In more recent versions of SYCL and OpenCL, new API features partially enable this feature. However, hardware support is not widely available.
CUDA unified memory
CUDA unified memory enables using the same pointer across host and device, and provides memory management services to a wide range of programs (either CUDA runtime API or directly from within the kernel). It enables, for example, kernels to trigger page-faults to read memory from the host. It can also automatically alter the memory allocation for cases where the requested size of memory is larger than the available memory size.
Unified Memory offers a “single-pointer-to-data” model that is conceptually similar to CUDA’s zero-copy memory. One key difference between the two is that with zero-copy allocations, the physical location of memory is pinned in CPU system memory such that a program may have fast or slow access to it depending on where it is being accessed from.
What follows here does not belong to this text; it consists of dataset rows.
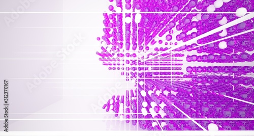 Abstract white interior from array colored gradient glasses spheres with large window. 3D illustration and rendering.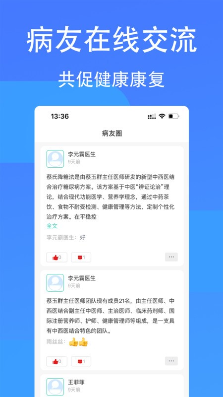 医渐康app官方最新版本为用户提供了慢病管理服务,在这里可以直接向医生咨询,能够和病友交流病情,可以查看和学习健康相关的知识,含有降糖降压降脂等专题板块,查找和使用更便捷!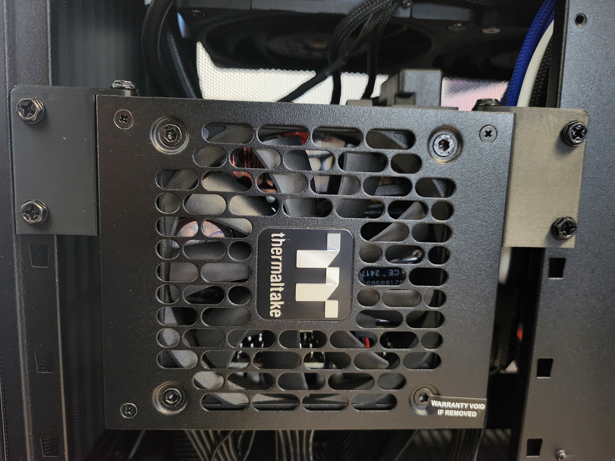 v3: Vị trí gắn phía trên. Cái này nó sẽ đẩy cái nguồn SFX lên cao hơn cỡ một inch đó. Như vậy là đủ khoảng trống cho cái jack cắm nguồn nó không bị cạ vô mấy cái quạt tản nhiệt luôn.

Unified Memory, on the other hand, decouples memory and execution spaces so that all data accesses are fast.
CUDA unified memory is also called managed memory. There are two ways to create managed memory.
- By using
__managed__
attribute in front of memory declaration. This can only be done in global-scope or file-scope.
The following code snippet shows how to define __managed_memory__
in CUDA.
__device__ __managed__ int y;
//...
__global__ void custom_kernel()
{
y++;
}
int main(){
//....
y=1;
//...
}
- By using CUDA runtime functions.
cudaError_t cudaMallocManaged(void **devPtr, size_t size, unsigned int flags=0);
The following code shows how to define managed memory using CUDA runtime functions.
__global__ void custom_kernel(int * dev_a)
{
for(int i=0; i<N; i++) {
dev_a[i] += i;
}
}
int main() {
//...
int *dev_a;
// allocate the memory on the GPU
cudaMallocManaged( (void**)&dev_a, N * sizeof(int) );
for(int i=0; i<N; i++) {
dev_a[i] =i;
}
//....
}
All CUDA operations that are valid on device memory are also valid on managed memory. The primary difference is that the host is also able to reference and access managed memory.
Like in the case of CUDA unified virtual addressing, this feature requires a specific system-level driver provided by the vendor, and it is not available on SYCL 1.2.1 (or OpenCL 1.2). Note, however, that SYCL objects do automatically handle the transition between the host and the device, and no explicit copy operation is required (as opposed to OpenCL).
In newer versions of SYCL and OpenCL, new API features will partially enable this feature. In particular, SVM (Shared Virtual Memory), enables equivalent behavior.